MINNEAPOLIS — University of Minnesota athletics director Joel Maturi will leave his post when his contract expires this summer.

School officials and the 67-year-old Maturi announced his retirement Thursday at a late morning news conference.

President Eric Kaler said he and Maturi spoke for several months and decided it’s “simply the right time for Joel to retire.”

The news conference was held at TCF Bank Stadium, where the Gophers moved in 2009 after 28 seasons off campus and indoors at the Metrodome. The securing of public money and private donations to build the first new football stadium by a Big Ten school in a half-century was arguably the greatest success during Maturi’s 10 years in charge.

Hired to help merge separate men’s and women’s departments in 2002, Maturi, a native of Chisholm, Minn., had to sort through plenty of contention and dysfunction on the heels of a scandal and subsequent NCAA violations that jolted both the men’s and women’s basketball programs. He was often praised for the way he guided the players, coaches and staff for 25 varsity sports through the transition.

Maturi spearheaded successful efforts to save the men’s and women’s golf and men’s gymnastics teams during a budget crunch early in his tenure, and was a tireless supporter of every squad from basketball to swimming, putting in long hours, attending all kinds of games and events. Just last year he showed up at work the day after surgery to repair torn meniscus cartilage in his left knee.

But he became the target of frustration and criticism of angst-filled Gophers fans, who have watched the football program struggle through the last decade. Coach Glen Mason had some decent teams, but Maturi fired him after the 2006 season, a year after giving him a contract extension, and picked Tim Brewster to replace him. The first-time head coach never fulfilled his bombastic, lofty promises and was fired at midseason in 2010. Maturi hired Jerry Kill as his successor, and while Kill has been praised for his attitude and his work ethic the Gophers went 3-9 in his first year.

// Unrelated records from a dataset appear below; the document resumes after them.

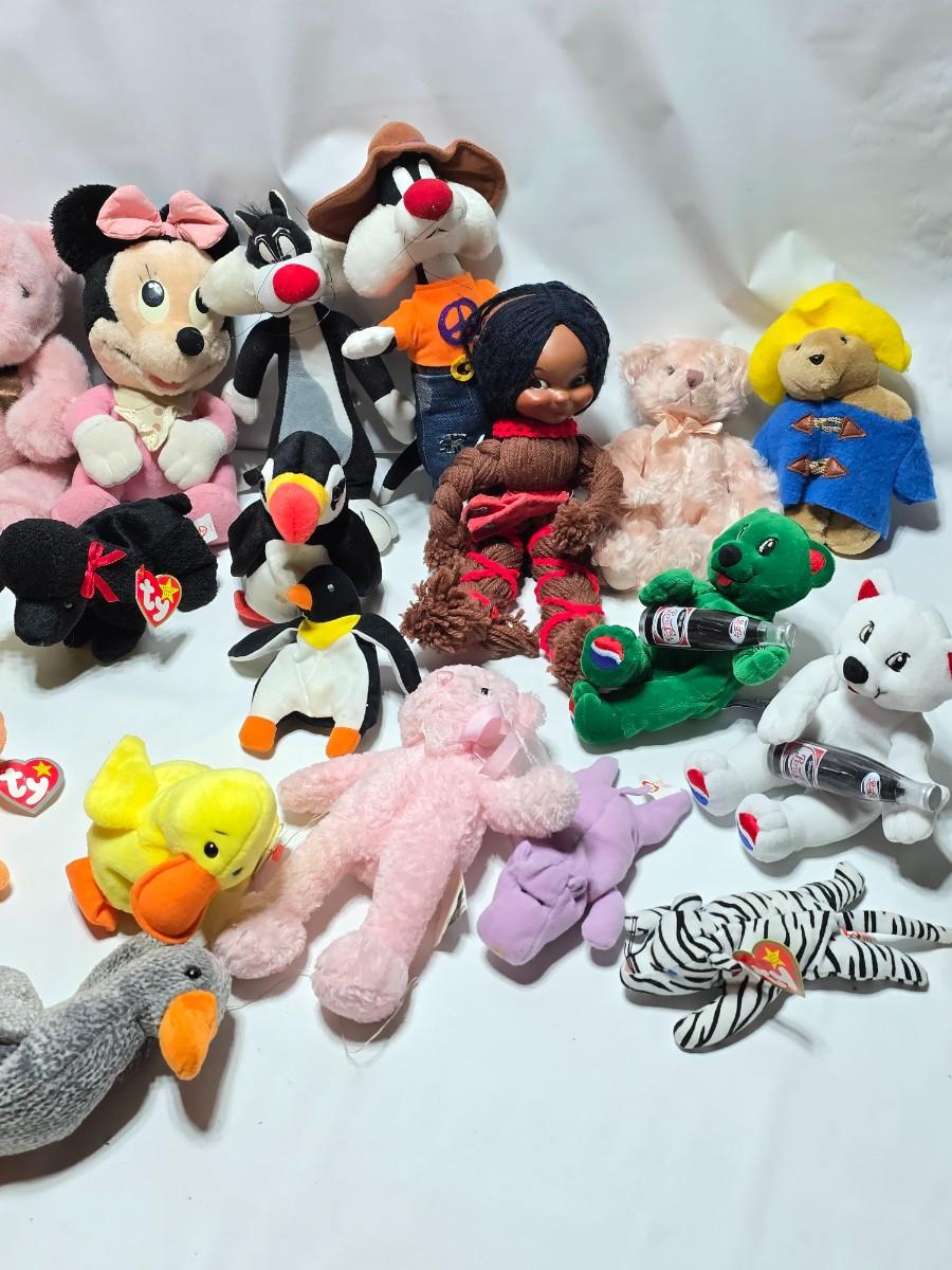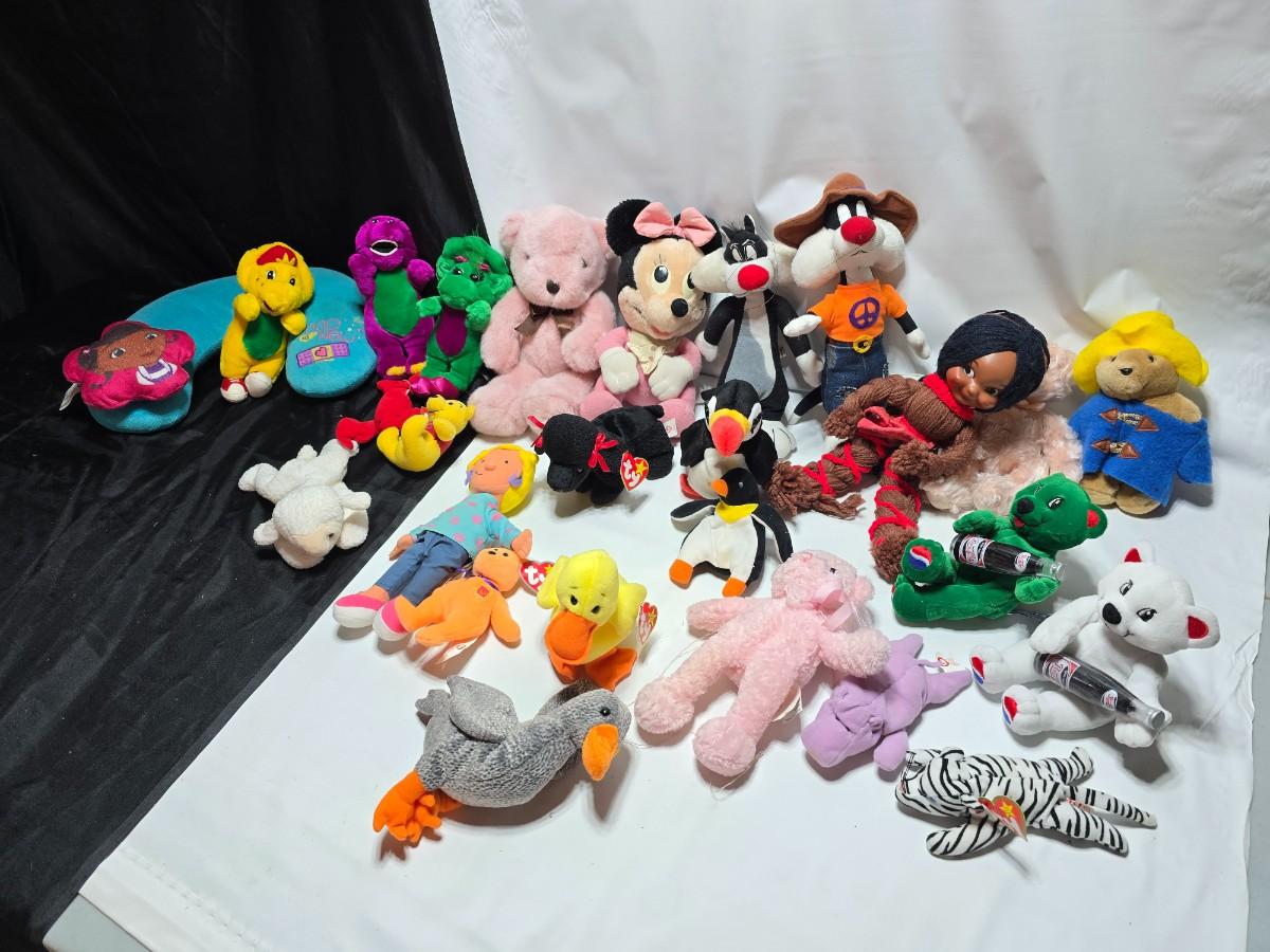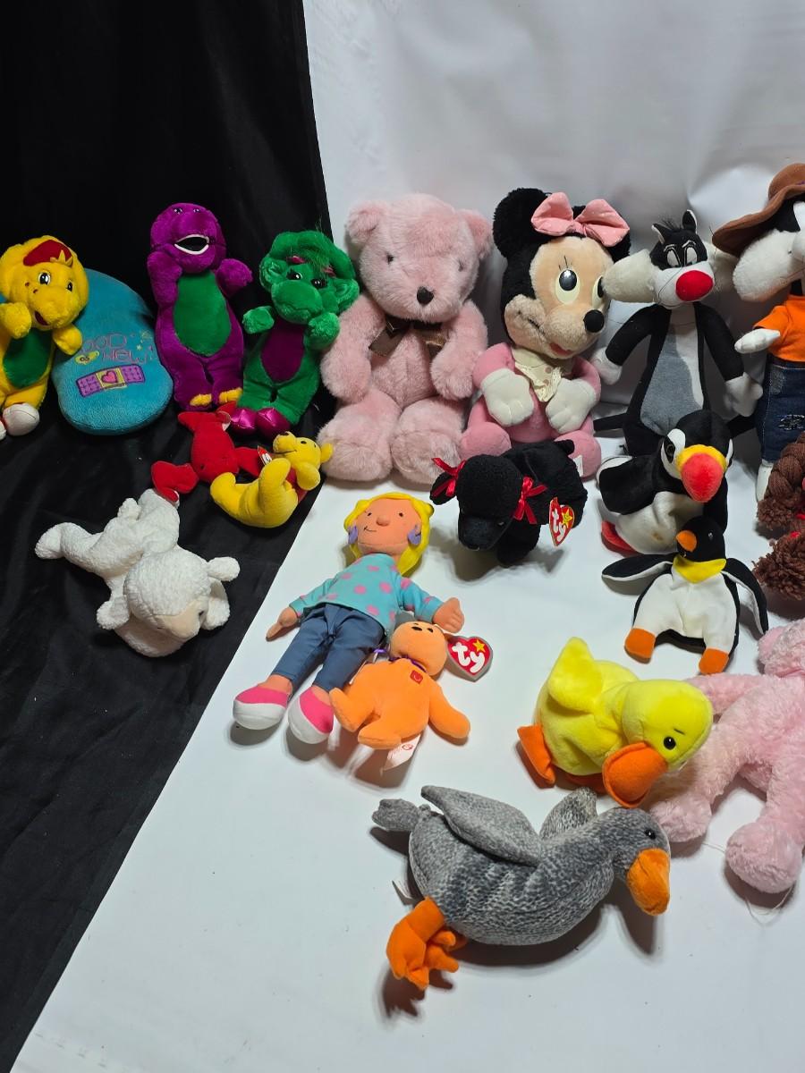 Huge assortment of plush characters - Disney - Looney toons - Barney % friends - animals - Ty and more
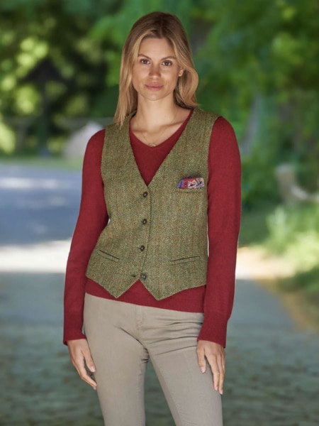 Het vrouwelijke Harris Tweed “Lea” vest combineert traditie en innovatie op stijlvolle wijze. De fijne scheerwol – handgeweven in de Schotse Buiten-Hebriden – is veel meer dan alleen een stof: het staat voor meer dan 100 jaar traditie, ongeëvenaarde kwaliteit, uitzonderlijk duurzame productie en is een uiting van de Britse cultuurgeschiedenis.
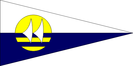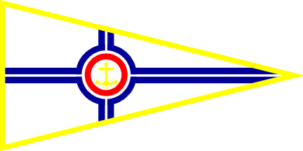 white burgee bordered yellow with a blue gemmeled cross tunred to

Maturi kept Dan Monson as the men’s basketball coach through a series of mediocre seasons until dismissing him in November 2006. Maturi then persuaded Tubby Smith to leave Kentucky and come to Minnesota in March 2007, still arguably his most remarkable move as AD, but even Smith has yet to produce an NCAA tournament victory in his time with the Gophers.

Whether it was Mason, Brewster, Monson or Smith, the most prevalent criticism from the ticket-buying and game-watching public toward Maturi was his patience with coaches of underperforming major sports. He never apologized for that, either, placing greater priority on the academic record of those teams and integrity with which the programs were run. Maturi, in an interview with the AP last year, acknowledged the difficult of balancing those ideals with the big business of major college sports.

In that interview, he acknowledged keeping Monson around longer than he probably should have, recalling a conversation with then-President Robert Bruininks, who asked him if he believed Monson could become a consistent winner and NCAA tournament contender with the Gophers.

“You know what I told him? I said no,” Maturi said. “I thought the hole was so deep that he couldn’t get out of it. So he said, ‘Well, why don’t you fire him?’ I said, ‘Because if I did, I’d be sending the message to every one of our coaches that it’s only about winning.’ Dan took over in a difficult situation. He did get the kids to go to class. He didn’t cheat. He did all the things that were right, but he didn’t win enough. Eventually I had to dismiss him.”

Maturi in 2008 signed a contract extension that increased his annual salary to $345,000.